Continue.dev OSSのAIコード補完 月額¥0で自社LLM接続する導入法

Continue.dev のレビュー — AI ツールカテゴリ
評価⭐ 4.3 / 5
提供元Continue Dev, Inc. (Apache 2.0 オープンソース)
カテゴリAI コード補完・エージェント拡張 (OSS)

社内のソースコードを外部の AI サービスに送りたくない。それでもエンジニアの生産性は AI で底上げしたい。この相反する要求を抱える中小企業にとって、OSS の AI コード補完拡張 Continue.dev は現実的な折衷案になります。本稿では本体¥0 のまま、自社が選んだ大規模言語モデル (LLM) に接続する設定手順を編集部で検証しました。

読了時間の目安: 約 7 分 / 中小企業の情報システム担当・開発リーダー向け

この記事のポイント

編集長の見解 (Mira): Continue.dev の中小企業向けの価値は「AI 補完の効果」と「コードを社外に出さない安心感」を両立できる点にあります。商用の AI エディタは便利ですが、コードが提供企業のサーバーを経由する構成に社内合意が取れない組織は少なくありません。Continue.dev なら接続先の LLM を自社で握れるため、まず情報システム部門が許容できる範囲で AI 補完を試せます。

Continue.dev とは何か

Continue.dev は、VS Code と JetBrains 系エディタに AI 機能を追加するオープンソースの拡張です。ソースコードは GitHub の continuedev/continue リポジトリ で公開され、Apache 2.0 ライセンス の下で無償利用できます。

大きな特徴は、AI の頭脳にあたる LLM を利用者側で選べることです。商用の AI コーディングサービスの多くは提供企業が用意したモデルに固定されますが、Continue.dev は接続先を自社で決められます。

つまり「AI 補完の使い勝手」と「どこにコードを送るか」を切り離して設計できるのが、他ツールとの決定的な違いです。
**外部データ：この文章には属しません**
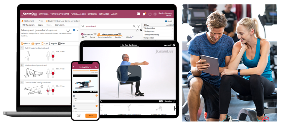 Öka motivationen och träningsresultaten hos dina utövare. Dela övningar, program och planer via ExorLive Go app.

次のセクションで、この構成が費用にどう効くかを見ます。

料金 — 拡張は¥0、費用は接続先で決まる

Continue.dev で発生しうる費用は、拡張本体ではなく「接続する LLM」の側にあります。拡張自体は完全に無料です。

月額費用の目安 (接続先別・編集部試算)
拡張本体 (OSS)
¥0
VS Code / JetBrains とも無料
ローカル Ollama 接続
¥0
自社 PC で完結、API 費なし
Claude Sonnet 従量 (中規模)
¥2,000
1 人が日常的に使う想定
GPT 上位モデル従量 (重め)
¥9,000
大量のコード生成を回す想定

料金の考え方を整理すると、次の 3 パターンに分かれます。

接続構成月額費用の目安コードの送信先向いている組織
ローカル Ollama¥0 (電気代・PC 性能のみ)端末内で完結機密性最優先の中小企業
クラウド LLM API従量 (1 人 月¥2,000 前後〜)各 LLM 提供企業精度優先・少人数チーム
自社ホスト基盤基盤運用費自社サーバー内情報システム部門がある企業

💡 編集部のヒント: まず 1 人がローカル Ollama 構成で試すと、追加費用¥0 で AI 補完の効果を測れます。効果が確認できてからクラウド LLM の従量プランに広げると、投資対効果 (ROI) を測りながら段階導入できます。上記金額はすべて編集部のシミュレーションで、実際の従量料金は利用量と各社レートで変動します。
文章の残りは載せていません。